RJPawlick285 @RJPawlick285

That depends on the poetry genre, the song genre, and the message the writer is trying to give.

Let's look at some examples.

Kesha's This is me. Lyrics:


[Verse 1] I'm not a stranger to the dark "Hide away," they say "Cause
we don't want your broken parts" I've learned to be ashamed of all my
scars "Run away," they say "No one will love you as you are"

[Pre-Chorus] But I won't let them break me down to dust I know that
there's a place for us For we are glorious

[Chorus] When the sharpest words wanna cut me down I'm gonna send a
flood, gonna drown them out I am brave, I am bruised I am who I'm
meant to be, this is me Look out 'cause here I come And I'm marching
on to the beat I drum I'm not scared to be seen I make no apologies,
this is me

[Post-Chorus] Oh-oh-oh-oh Oh-oh-oh-oh Oh-oh-oh-oh Oh-oh-oh-oh
Oh-oh-oh, oh-oh-oh, oh-oh-oh, oh, oh


So what are we looking at here? Essentially lyrical poetry. Let's take some examples of rhyming.

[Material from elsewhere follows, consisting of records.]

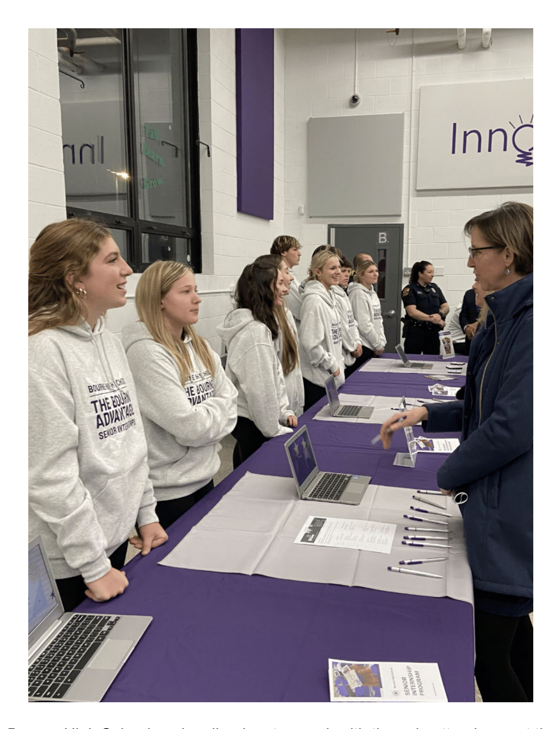
Bourne High School seniors lined up to speak with those in attendance at the Innovation Pathways Open House about their internships on Tuesday, Nov. 29.
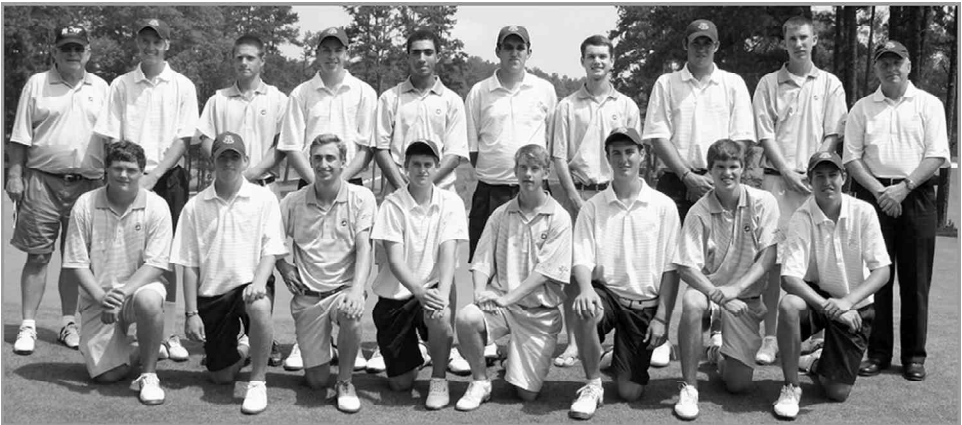
The Junior Boys Team Matches have been an annual tradition since 1983. In the photo above the Carolinas Team poses with their Virginias counterparts. The Carolinas Boys are wearing hats.
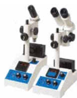
X4 Melting Point Tester_sgw-X4b
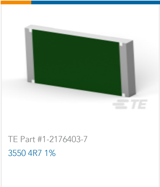
TE Part #1-2176403-7 3550 4R7 1%
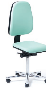
OFFICE CHAIR 54 - 73 cm. Item code 3054600 5-star base polished, backrest adjustable in height and depth with dumping function, without armrest, cover in compact „Mint“ C450, safety castors.
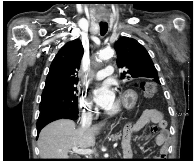
Fig. 2 – Coronal reconstruction of a CT of the thorax with contrast revealing occlusion of the superior vena cava secondary to a right paratracheal lymph node. Collateral vessels are apparent proximal to the obstructing lesion.

Given the patient's small overall volume of disease, small offending lesion size, and evidence of possible improved outcomes with large dose per fraction, SBRT was chosen as the
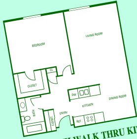
1 BEDROOM 1 BATH WALK THRU KITCHEN 723 SQ FT @ _____
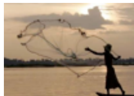
Parable of the Net

Again, it is like a merchant in search of fine pearls, who, on finding one pearl of great value, went and sold all he had and bought it.
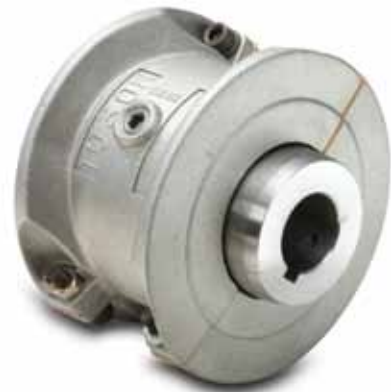
Fig. 2: TB Wood's G-Flex grid coupling with horizontal cover. This clamshell design, if improperly installed, could come apart under rotation.

It is tempting to believe that we are so precise in our muscle control that we know how to tighten fasteners to a specific value. Proper use of a torque wrench and attention to manufacturer's torque specifications can ensure a properly functioning, long-lasting and safe installation.
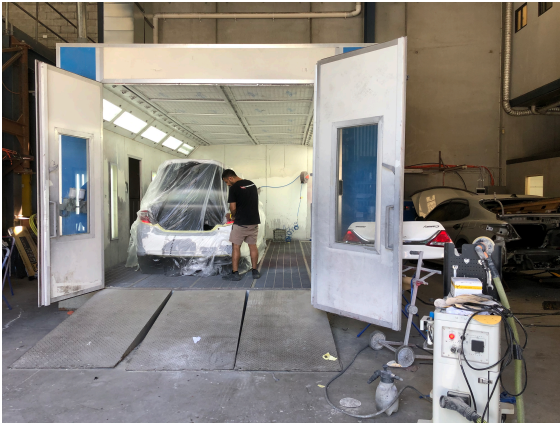
Spray painting booth
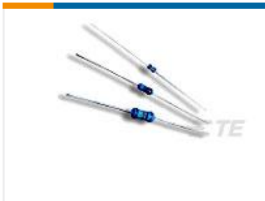
TE Part #1622694-1 LR2 1% 16K
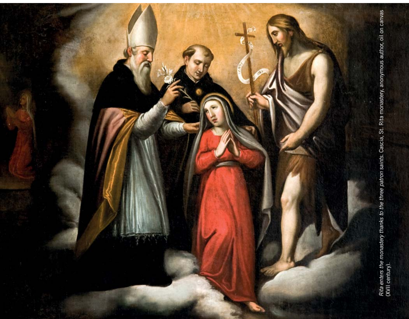
Rita enters the monastery thanks to the three patron saints. Cascia, St. Rita monastery, anonymous author, oil on canvas (XVII century).

flounders, including that which has Saint Rita as a woman who flies “on brooms”! So where does this flight come from? Perhaps it is simply the popular interpretation of the seventeenth-century canvas that represents the three patron saints and Rita in the clouds (clouds are never missing in apparitions). The interpretations disappear like fog in the sun! What re-
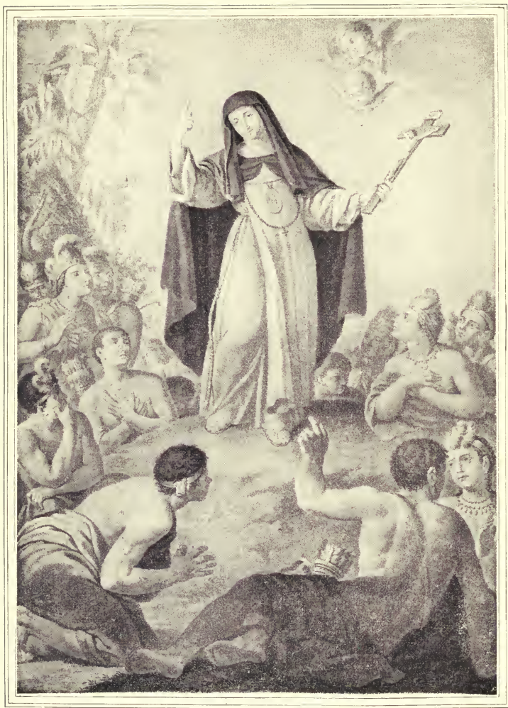
MARY OF AGREDA IS KNOWN TO HAVE BEEN FAVORED WITH THE MIRACLE OF BILOCATION: ALWAYS REMAINING IN HER CONVENT AT AGREDA, SHE WAS FOR A NUMBER OF YEARS THE FIRST MESSENGER OF THE TRUE FAITH SENT BY GOD TO THE INDIANS IN ARIZONA AND NEW MEXICO, U. S.

From Verse 1. 'stranger to the dark', comes back to 'want your broken parts'


There you have lines rhyming. Then you can double down and have internal rhyming.


From Verse 1. 'hide away', and 'they say'.


This is poetry. Rhyming to a rhythm. Nothing more.

Let's look at an example where this isn't the case with songs.

Evenesance's Good enough:


"Good Enough"

Under your spell again I can't say no to you Crave my heart and it's
bleeding in your hand I can't say no to you

Shouldn't let you torture me so sweetly Now I can't let go of this
dream I can't breathe but I feel

Good enough I feel good enough for you

Drink up sweet decadence I can't say no to you And I've completely
lost myself, and I don't mind I can't say no to you

Shouldn't let you conquer me completely Now I can't let go of this
dream Can't believe that I feel

Good enough I feel good enough Its been such a long time coming, but I
feel good


Notice the lack of rhyming? And yet this is poetry, just more free-form. The thing is, the definition of poetry has changed with time. In Shakespeare's time, there was the more of a rule. See this link for details.

Nowadays? Look at Poetry Slams. It's free-form, sometimes it's lyrical, sometimes it's not. The point is the message, what's being said.

Look at Hip Hop music. Not the crap coming out these days, mind you. Look at the word play of Biggie Smalls, look at the poetic flow of Tupac Shakur.

Music is just the rhythm and flow of poetry. Sometimes the musical backdrop of a song has meaning, sometimes it doesn't. Sometimes the words are deep and meaningful and poetic, often times it isn't.

But music and poetry are one and the same.